Genau das unterscheidet eine gelungene Abstraktion von einer gescheiterten. Gelungene Abstraktionen setzen Verständnis voraus und machen es nicht überflüssig. Sie entstehen aus Erfahrung, nicht aus Annahmen. Und sie respektieren, dass die Kopplung niedrig und die Kohäsion hoch bleiben muss.
Erst verstehen, dann vielleicht abstrahieren
Was lässt sich aus all dem lernen? Joel Spolsky hat neben dem Artikel zu den leckenden Abstraktionen noch einen zweiten Artikel geschrieben, der hierher gehört: „Back to Basics“. Darin kritisiert er, dass zu vielen Entwicklerinnen und Entwicklern die Grundlagen fehlen (und das war, wohlgemerkt, bereits 2001). Dass die Meinung vorherrsche, die Garbage Collection werde es schon richten, ohne dass man verstanden hat, was ein Stack und was ein Heap ist, wann was verwendet wird und welche Auswirkungen das hat.
Natürlich muss man nicht in allem Expertin oder Experte sein, das ist allein aufgrund der Menge an Themen auch gar nicht machbar. Aber die Grundlagen des eigenen Werkzeugs zu verstehen ist keine optionale Zusatzqualifikation, sondern die Voraussetzung dafür, die Abstraktion über diesem Werkzeug sinnvoll nutzen zu können. Wer nicht weiß, wie JavaScript funktioniert, wird an TypeScript scheitern. Wer nicht versteht, was JSX unter der Haube tut, wird an React scheitern. Wer nicht in der Lage ist, Code selbst zu beurteilen, wird an KI scheitern.
Mein Rat lautet daher nicht, auf Abstraktion grundsätzlich zu verzichten. Mein Rat lautet, mit Abstraktion zu warten, also nicht mit einer Abstraktion starten, sondern alles erst einmal explizit machen. Jede Klasse, jede Funktion, jede Schnittstelle so schreiben, dass sie für sich allein verständlich ist. Code wird nur einmal geschrieben, aber viele Male gelesen. Lesbarkeit, Nachvollziehbarkeit und Verständlichkeit sind wichtiger als drei Zeilen weniger Tipparbeit.

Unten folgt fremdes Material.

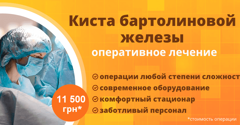 Удаление кисты бартолиновой железы, цена которой стартует от 6500 гривен проводится исключительно высококвалифицированными гинекологами в условиях современного стационара, что практически исключает риски развития послеоперационных осложнений.

Erst wenn man genau weiß, wie sich die Anforderungen verhalten, welche Teile sich tatsächlich gemeinsam ändern und welche nur zufällig ähnlich aussehen, dann und nur dann kann man über Abstraktion nachdenken. Und selbst dann lohnt sich die Frage: Brauche ich die Abstraktion wirklich? Oder mache ich den Code damit nur kürzer, aber nicht besser? Senkt die Abstraktion die Kopplung und erhöht die Kohäsion, oder bewirkt sie das Gegenteil?
Viele der besten Codebasen, die ich in über 30 Jahren Berufserfahrung gesehen habe, zeichneten sich nicht durch clevere Abstraktionen aus, sondern durch Klarheit. Durch Code, den man lesen und verstehen konnte, ohne erst drei Indirektionsebenen nachzuverfolgen. Durch explizite Strukturen, die auf den ersten Blick verrieten, was sie taten und warum. Das ist die wahre Kunst der Softwareentwicklung, und abschließend kann man sagen: Abstraktion ist überbewertet, Verständnis nicht.